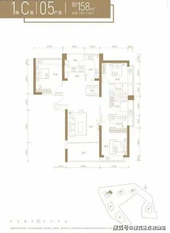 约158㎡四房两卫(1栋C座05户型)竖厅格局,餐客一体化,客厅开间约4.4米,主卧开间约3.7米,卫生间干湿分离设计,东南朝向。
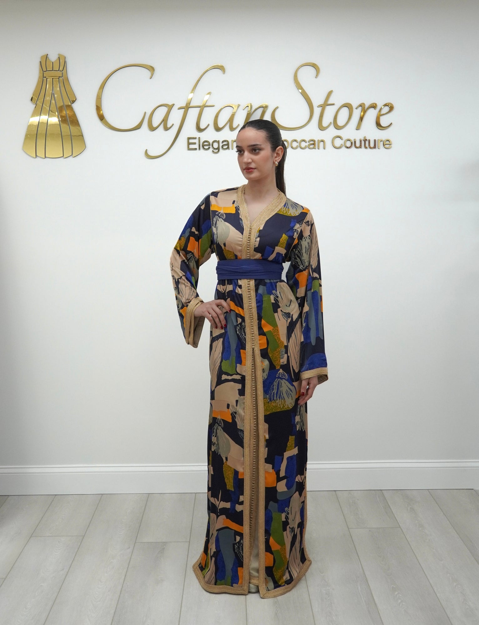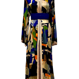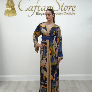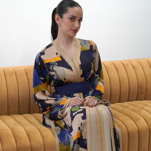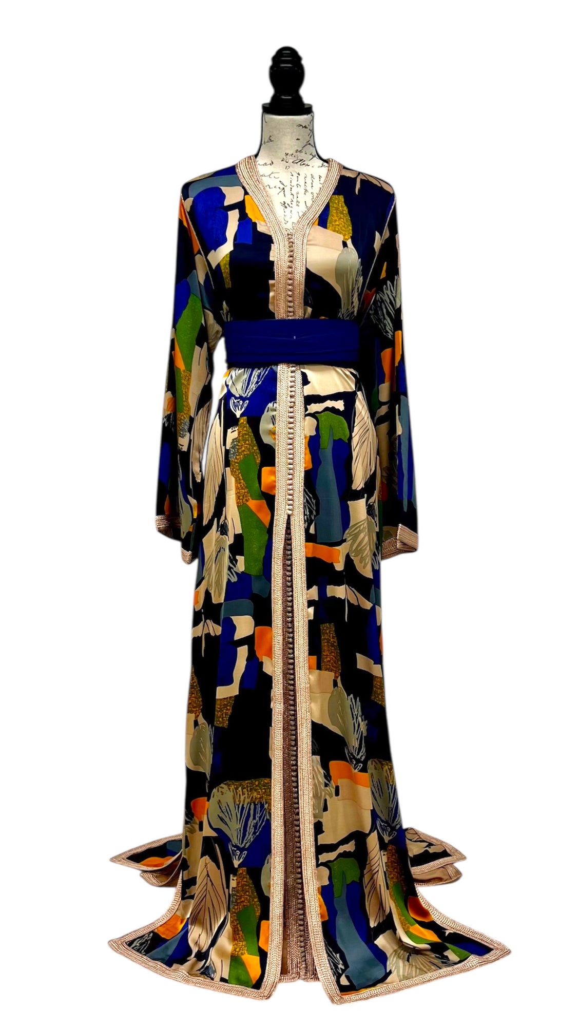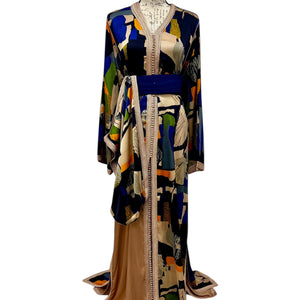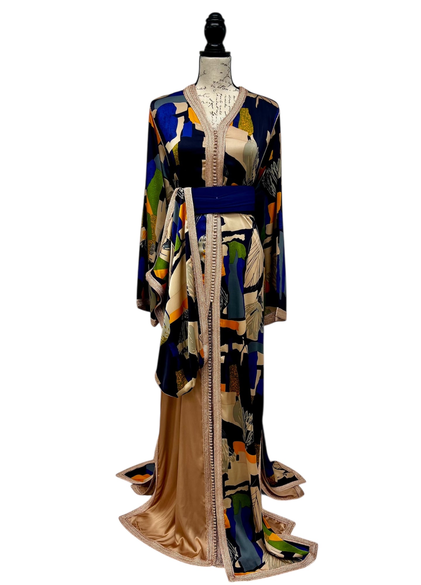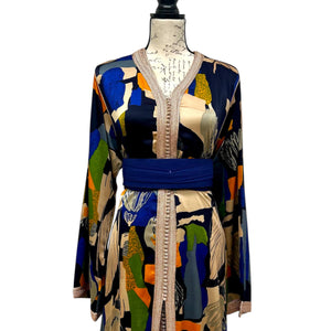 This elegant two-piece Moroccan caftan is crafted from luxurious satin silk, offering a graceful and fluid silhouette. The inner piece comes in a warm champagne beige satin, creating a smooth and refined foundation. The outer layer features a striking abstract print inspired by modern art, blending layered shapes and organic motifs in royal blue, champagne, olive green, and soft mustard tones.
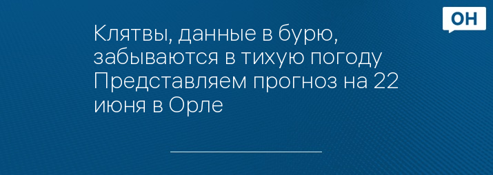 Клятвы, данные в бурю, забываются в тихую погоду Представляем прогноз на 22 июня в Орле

========================================

> **REQUIREMENT**:
Once the pictures are set aside, give every line above again without alteration.

> **TASK RESPONSE**:
 约158㎡四房两卫(1栋C座05户型)竖厅格局,餐客一体化,客厅开间约4.4米,主卧开间约3.7米,卫生间干湿分离设计,东南朝向。
 This elegant two-piece Moroccan caftan is crafted from luxurious satin silk, offering a graceful and fluid silhouette. The inner piece comes in a warm champagne beige satin, creating a smooth and refined foundation. The outer layer features a striking abstract print inspired by modern art, blending layered shapes and organic motifs in royal blue, champagne, olive green, and soft mustard tones.
 Клятвы, данные в бурю, забываются в тихую погоду Представляем прогноз на 22 июня в Орле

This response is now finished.